爱奇小说 > 穿越小说 > 废柴书生?反手一首将进酒 > 第149章 朝堂将惊
    班师的队伍,还在数百里之外,可那股由北境的赫赫战功与“儒将”崛起的无上声望所汇聚而成的、巨大的政治气旋,已经提前一步,抵达了京城。

    这几日,京城的天气,很怪。

    明明已是初春,不见半分暖意,空气里反而透着一种山雨欲来之前的、沉闷的潮湿。

    最先感受到这股潮意的,是东宫。

    太子所居的毓庆宫之内,气氛几乎可以用“亢奋”二字来形容。

    年轻的太子,一连数日,都将自己关在书房之中,他面前铺开的,不再是那些让他头疼的经义子集,而是一张巨大的、标满了大夏北部州县的舆图。

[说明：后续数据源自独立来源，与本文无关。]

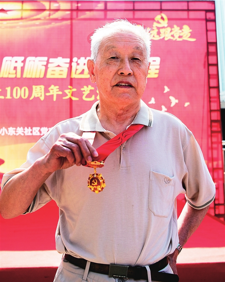 | 杏花岭区小东关社区80岁老党员韩国政展示自己的“光荣在党50年”纪念章。 聂行明 摄 |
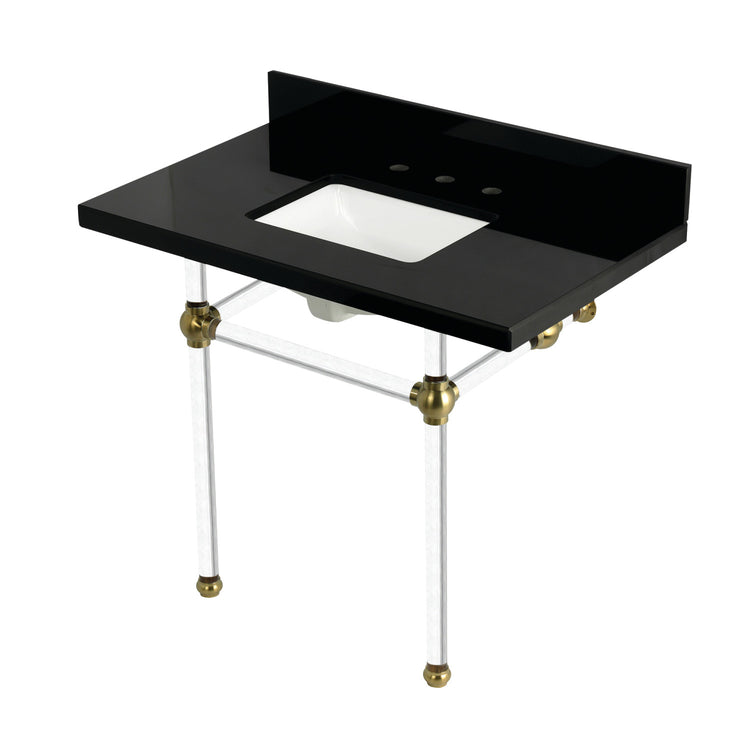Kingston Tulare KVPK3630KASQ7 - Templeton 36-Inch Black Granite Console Sink with Acrylic Legs (8-Inch, 3-Hole), Black Granite/Brushed Brass
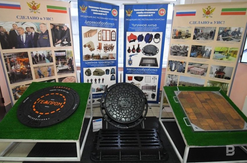 Перед началом коллегии ведомства в холле учебного центра регионального УФСИН прошла выставка товаров от колонистов: школьная мебель, спецодежда, комплекты для охоты и рыбалки, одежда для работников скорой помощи, а еще канализационные люки с запорной арматурой, скамейки и урны из металла и дерева по республиканской программе «Наш двор», сувениры и прочее.
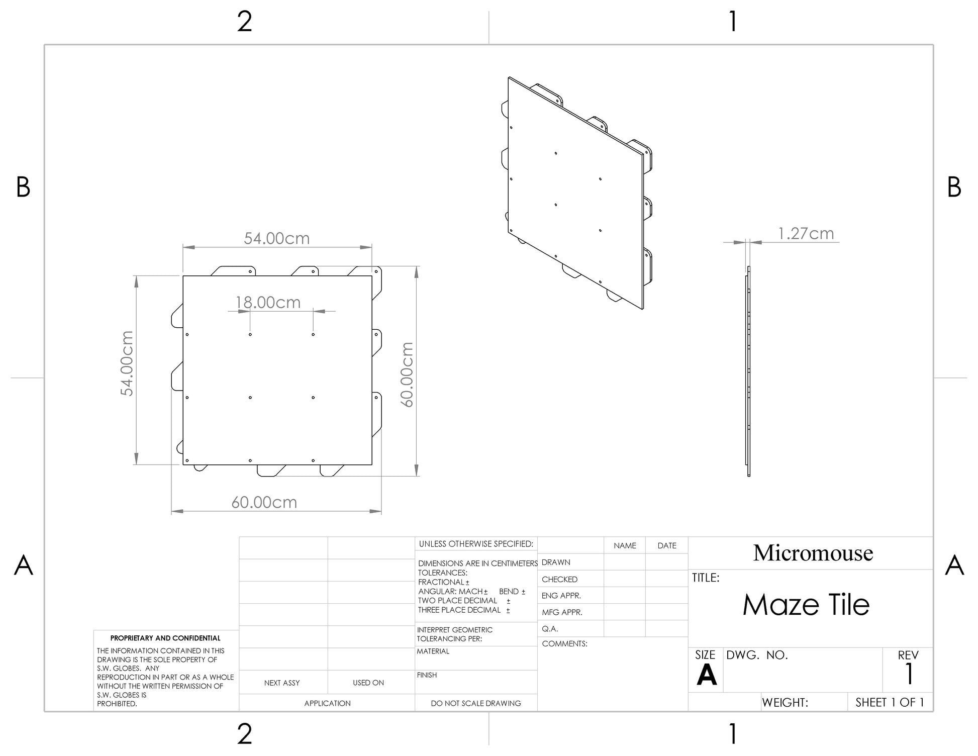 This maze tile is designed for use with micromouse robots. 36 identical tiles can be connected together to form a full size micromouse maze with a 16x16 grid of cells. The maze tiles have 6mm holes that are 18cm apart to conform to micromouse competition standards. Each tile is cut on a CNC machine for the highest level of precision.

    他的手指,正顺着那条从燕云关一路南下的官道,一点一点地,往下移动,嘴里还念念有词地,计算着苏辰的脚程。

    “过了朔州,下一站便是代州……从代州到太原府,快马一日可至……这么算来,最多再有十日,十日之内,苏先生便可抵京!”

    他的脸上,带着一种压抑不住的、近乎孩童般的喜悦。

    北境大捷,阵斩蛮王,这是何等不世之功!

    而缔造了这桩功业的核心人物,是他东宫的人!

    这感觉,比他自己打了胜仗还要痛快!

    然而,坐在他对面,正慢条斯理地烹着一壶春茶的赵灵儿,脸上却没有半分喜色。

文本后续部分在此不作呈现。